So after all that, there’s quite a lot to consider, really, when we try to compare written systems in terms of difficulty level.  In truth, any objective comparison is flat-out impossible.  How could we compare English to a system like Hong Kong Cantonese that has more than 20,000 characters in common usage, some of which are just brutal like 戲劇 (which means “movie”), but which are nevertheless regular, represent units of meaning and not always sound, are pronounced almost always in only one way, and are composed of a limited set of simpler parts?   Put simply, we can’t.  They’re completely different challenges.  So, instead, I’ve arbitrarily limited my list to languages that either use syllabaries or alphabets, I’ve kept the list to languages that are alive today (otherwise, in my opinion, Mayan is hands-down the most astonishingly complex orthography ever devised), and I’ve excluded exceedingly rare languages or scripts like Afaka.  The remaining list is, I think understandably, not perfect, but I challenge you to come up with a better one, haha!

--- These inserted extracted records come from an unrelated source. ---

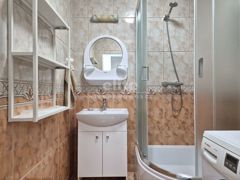 - Łazienka z kabiną prysznicową, umywalką oraz pralką
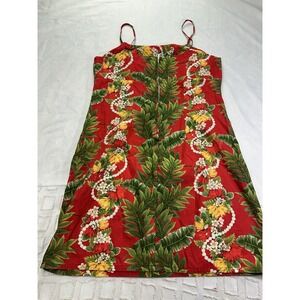 The Vintage Hawaii USA Large Tropical Floral Sheath Dress is a stunning piece perfect for a vacation or special occasion. Made from 100% cotton, this sleeveless dress features a square neckline, strappy sleeves, and a flattering sheath silhouette. The dress is adorned with a beautiful floral pattern in shades of red, with pleated accents adding a touch of elegance. The zip closure at the back makes it easy to slip on and off, making it a comfortable and stylish choice for the summer or spring seasons.
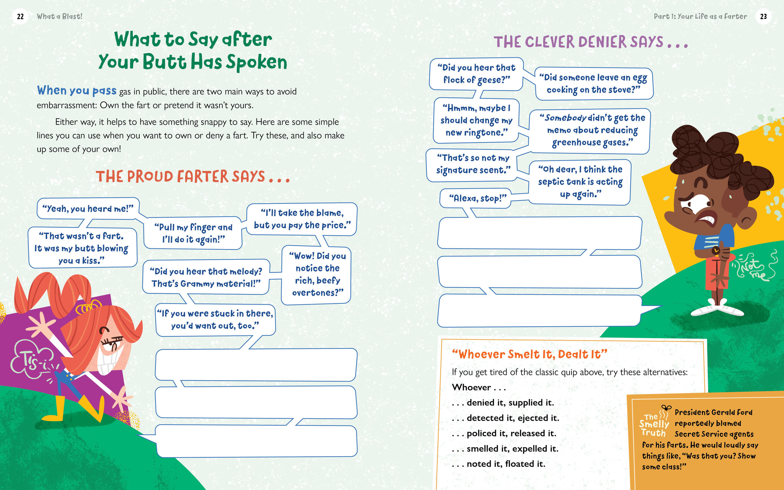 Con-fart-ulations! You’ve found the book that confirms your fine appreciation for the fact that nothings funnier than a little pfffftt from someone’s butt. Cheerfully over-the-top, packed with activities, and grounded in the science of flatulence, What a Blast! Is a trip through the body’s digestive system to explore the whys, hows, and wherefores of farting. You’ll discover the fartiest food in the world, meet infamous farters from history, learn just what to say if you fart in public—“Yeah, you heard me!—and so much more!

Last note: I have a few runners-up.  First, Thai orthography is pretty rough.  There are several characters borrowed from Sanskrit that are pronounced the same as other Thai letters but which are not interchangeable.  Thai is also interesting in that it marks tone in writing.  Its Eastern neighbour, Khmer, from which large parts of Thai script are derived, is also highly complex and irregular, with lots of variability depending on the surrounding sounds.  Both of these are, however, not quite so irregular and sadistic to make it into my subjectively-judged top 5.  The reason is simple, and also explains why English does make the list: spelling reform.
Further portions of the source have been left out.